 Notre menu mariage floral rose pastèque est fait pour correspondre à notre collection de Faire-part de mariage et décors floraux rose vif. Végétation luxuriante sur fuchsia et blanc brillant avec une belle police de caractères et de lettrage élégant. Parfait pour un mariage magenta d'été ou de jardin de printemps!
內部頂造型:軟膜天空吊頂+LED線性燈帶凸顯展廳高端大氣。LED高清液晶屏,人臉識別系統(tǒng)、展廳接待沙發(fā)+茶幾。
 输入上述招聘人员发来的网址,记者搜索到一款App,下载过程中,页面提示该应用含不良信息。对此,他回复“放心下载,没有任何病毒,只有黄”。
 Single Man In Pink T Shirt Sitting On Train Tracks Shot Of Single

--

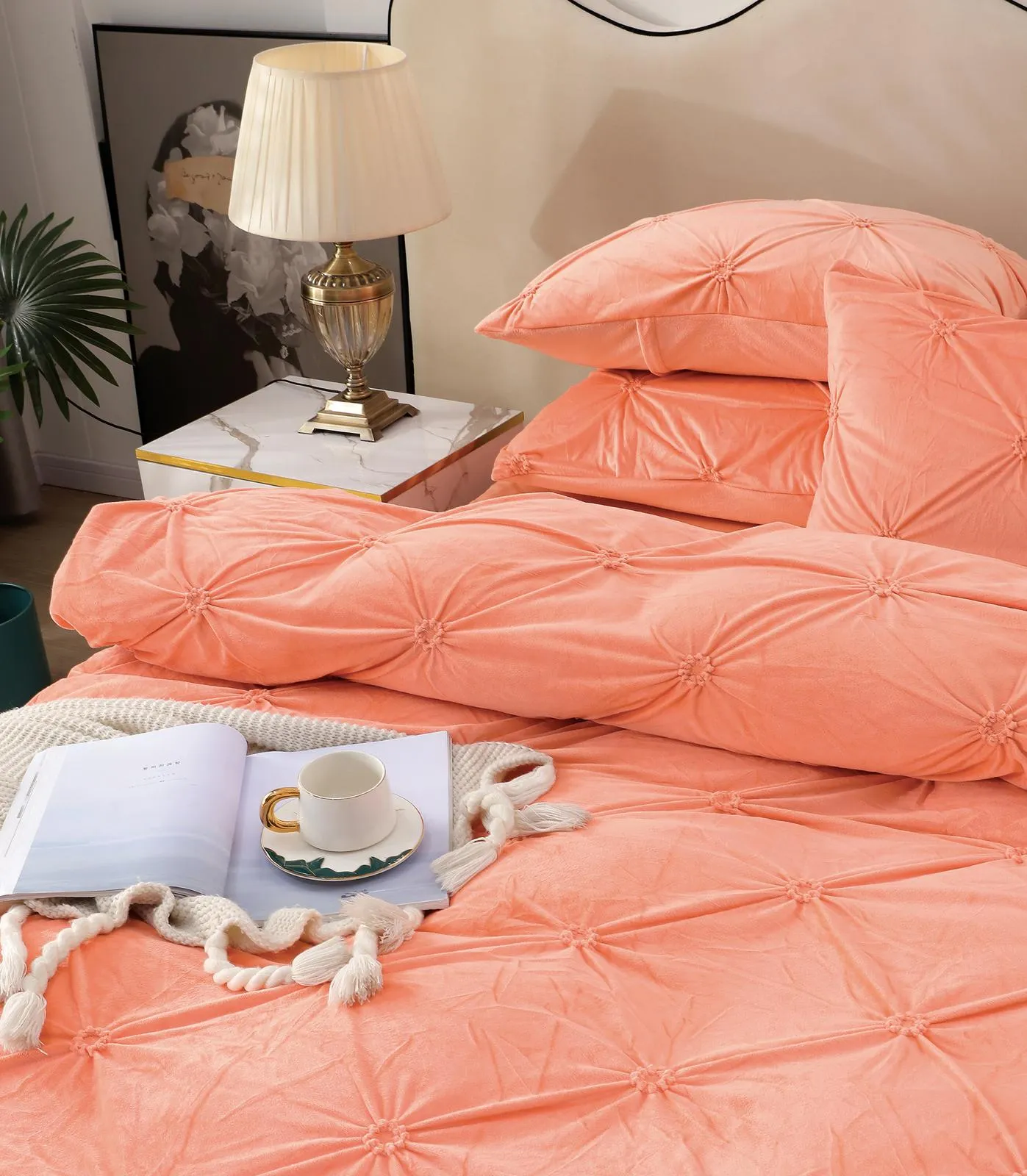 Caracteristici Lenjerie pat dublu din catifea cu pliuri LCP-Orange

• _Your instructions_: Set down, unchanged, only those lines above that fall between the line with "內部頂造型:軟膜天空吊頂+L" and the line with "Single Man In", the two end lines included.

• _Your response_:
內部頂造型:軟膜天空吊頂+LED線性燈帶凸顯展廳高端大氣。LED高清液晶屏,人臉識別系統(tǒng)、展廳接待沙發(fā)+茶幾。
 输入上述招聘人员发来的网址,记者搜索到一款App,下载过程中,页面提示该应用含不良信息。对此,他回复“放心下载,没有任何病毒,只有黄”。
 Single Man In Pink T Shirt Sitting On Train Tracks Shot Of Single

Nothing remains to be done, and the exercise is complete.